CT_SlideIdList._next_id = property(_next_id_patched)

I'm wondering if there is maybe a way to mix both solutions to support even more cases like this one ? Or do you have any other idea about how to fix this (I can eventually help with the PR).

scanny commented 4 months ago

Hmm, interesting.

So this is slide-ids, right, which means there will usually be a modest number, say less that 100, and as many as 1000 would be extremely rare. So a linear-time algorithm is likely to be fast enough.

The max(sldIds) + 1 approach reduces the chance of using a deleted slide id. I vaguely remember there being a problem with that but can't remember it specifically. Perhaps someone was deleting slides and then a new slide was being assigned the same id and that caused some sort of problem.

So the max(sldIds) + 1 approach is probably preferable, but is fallible as we see here. So there could be a test and fallback to the next_available_id_gt_256 algorithm and that should solve this problem at least.

I'd say something like this would be a good approach and more efficient than the original:

used_ids = sorted(int(id_str) for id_str in self.xpath("./p:sldId/@id"))
id_count = len(used_ids)
for idx, n in enumerate(range(256, 256+id_count)):
    if used_ids[idx] != n:
            return n
return 256+id_count
case 1: all slide-ids are used in order
---------------------------------------
used_ids = [256, 257, 258, 259]
      ns = [256, 257, 258, 259]
matches all, returns 256+4=260

case 2: there is a gap in slide-ids
-----------------------------------
used_ids = [256, 258, 259, 260]
      ns = [256, 257, 258, 259]
mismatch on used_ids[1], returns n=257

It's not a lot more efficient, but at least is O(NlogN) instead of O(N^2).

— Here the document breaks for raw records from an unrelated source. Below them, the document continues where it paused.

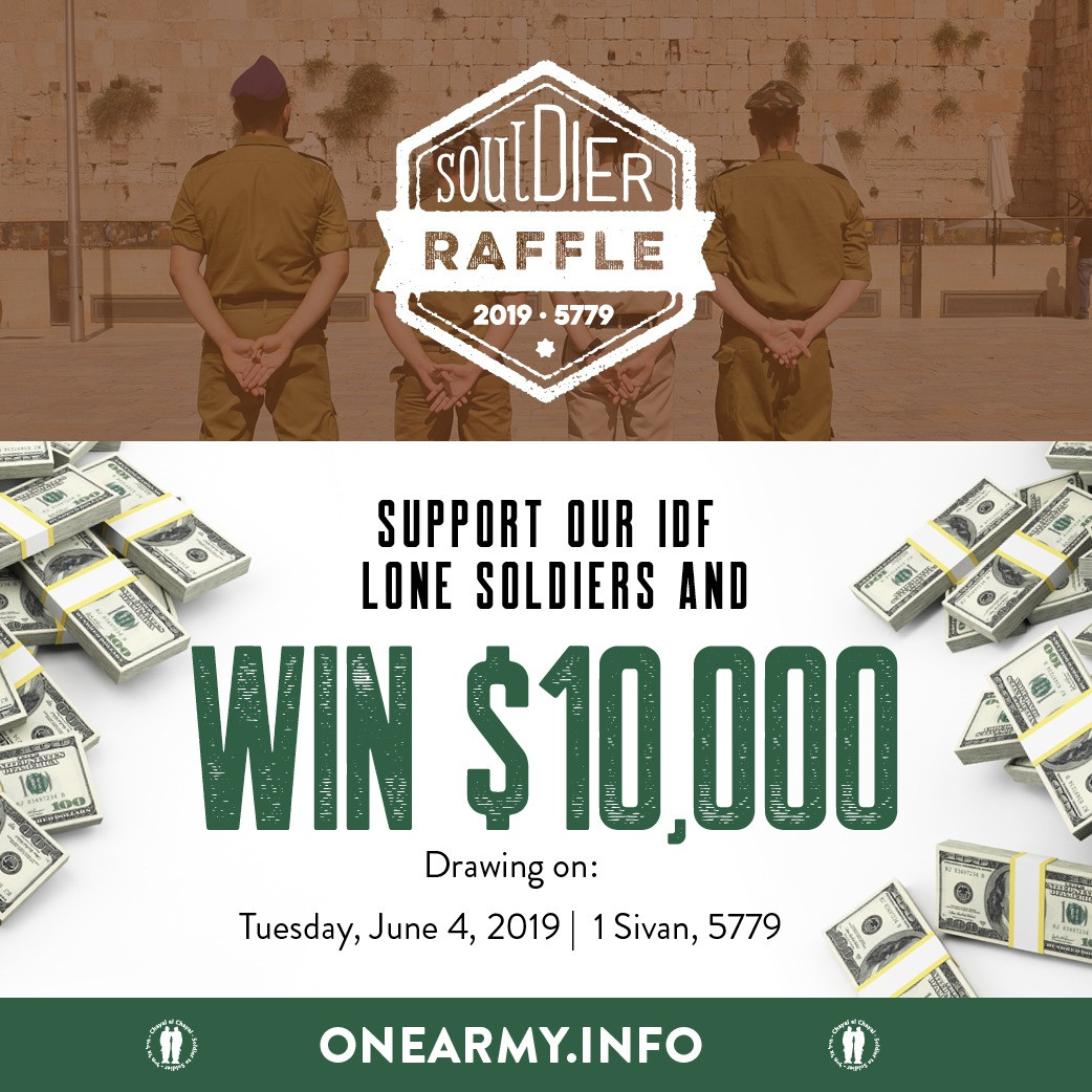 Chayal el Chayal is holding its annual raffle for the prize of $10,000 to help finance their upcoming year of tending to the needs of our Lone Soldiers on the front lines.
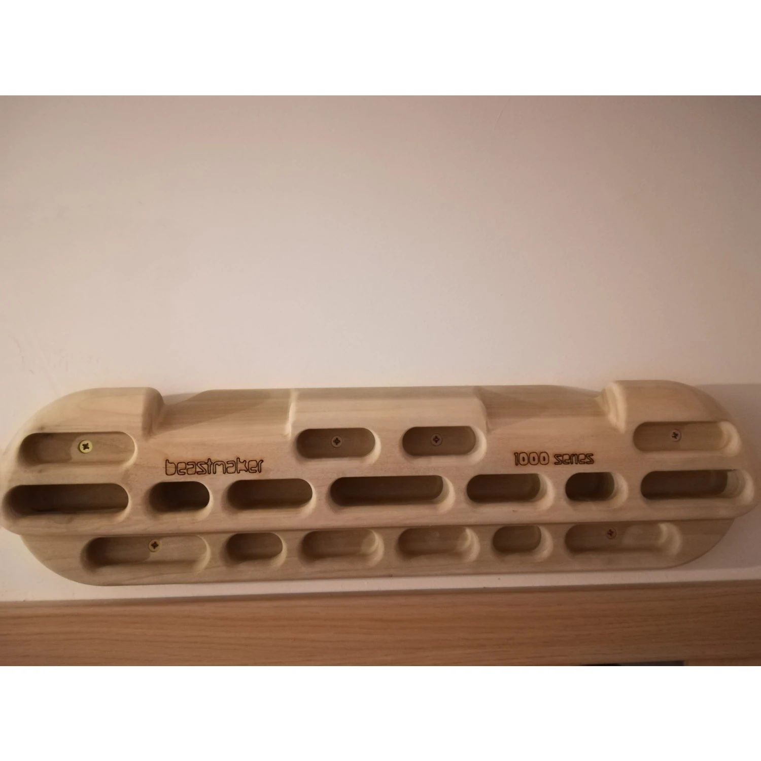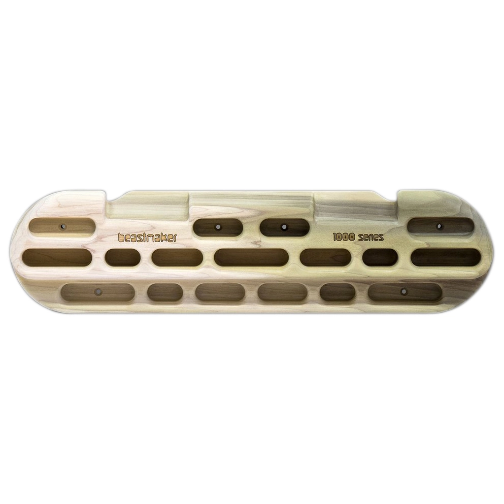 Damit klappt das Training: das 1000 Series Trainigsboard von Beastmaker! Das Board ist aus Holz und bietet praktisch für jeden wichtigen Kletter-Muskel den richtigen Griff. 2-Finger-Löcher, schmale Leisten und tiefer eingelassene Griffe ermöglichen ein vielseitiges Training zur Leistungssteigerung. Auch perfekt für Regentage oder die kühlen Wintermonate! .Hinweis: der Beastmaker 1000 besitzt tiefe Löcher, ausgepägte Henkel und großflächige Sloper – kurzum: das perfekte Trainingsboard für Anfänger und Fortgeschrittene.Maße: 58 x 15 cm
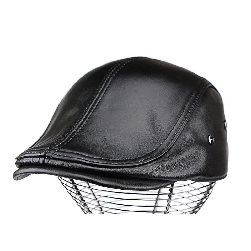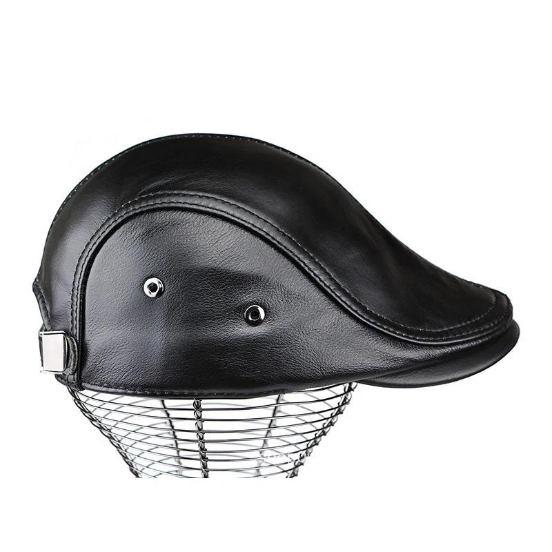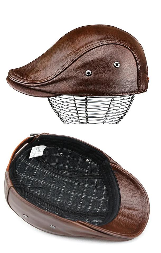 Men's Cowhide Beret Forward Hat Thin Section Leather Duck Tongue Cap with Short Brim Warm Breathable Adjustable for Beach Wear
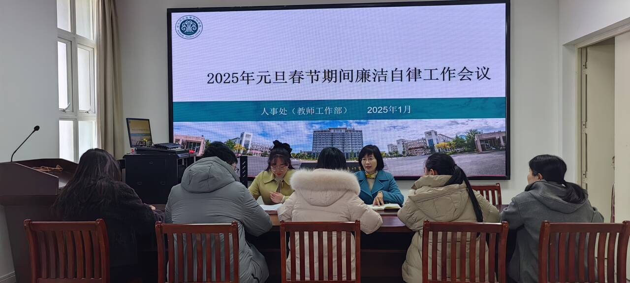 为进一步筑牢党员干部拒腐防变思想防线,确保节日及寒假期间校园政治生态风清气正、安全稳定。1月9日上午,人事处(教师工作部)党支部召开2025年春节前集体廉政谈话会,全体党员参加。会议由党支部书记吴春艳主持。

MartinPacker commented 4 months ago

Is the sort going to happen frequently, @scanny? In which case maintaining a sorted list might be cheaper.

scanny commented 4 months ago

It could potentially happen frequently, if you were adding thousands of slides for example.

The problem with cacheing values like that is that the XML is the actual authoritative source and the two could easily become out-of-sync. So there's no alternative to reading in the list every time I'm afraid. For example where would you store the cached list? A class has module lifetime so if you loaded more than one presentation on a single run it would be wrong. And an instance like Slide or even Presentation is just a proxy. You can easily have more than one Slide instance pointing to the same slide element subtree in the XML. So there's no reliable location for this sort of thing other than the XML.

Also, the fall-back algorithm (which is what requires sorting) would only be engaged when the max()+1 algorithm failed, which has taken these ten years to show up for the first time. So I don't expect we'd get any complaints :)

sasensi commented 4 months ago

Thank you for your insightful answers, seems like a combination of the 2 approaches is the ultimate solution 😄 So do you think that this can be fixed as part of the library in a soon future or should I better go with a monkey patch for now ? As mentioned initially, I can also work on a PR if it helps ?

scanny commented 4 months ago

I think a monkey-patch is a great first step. The code would be the same as in a PR and it would be a cut-and-paste solution anyone who was facing this problem could add to their own code for an immediate solution.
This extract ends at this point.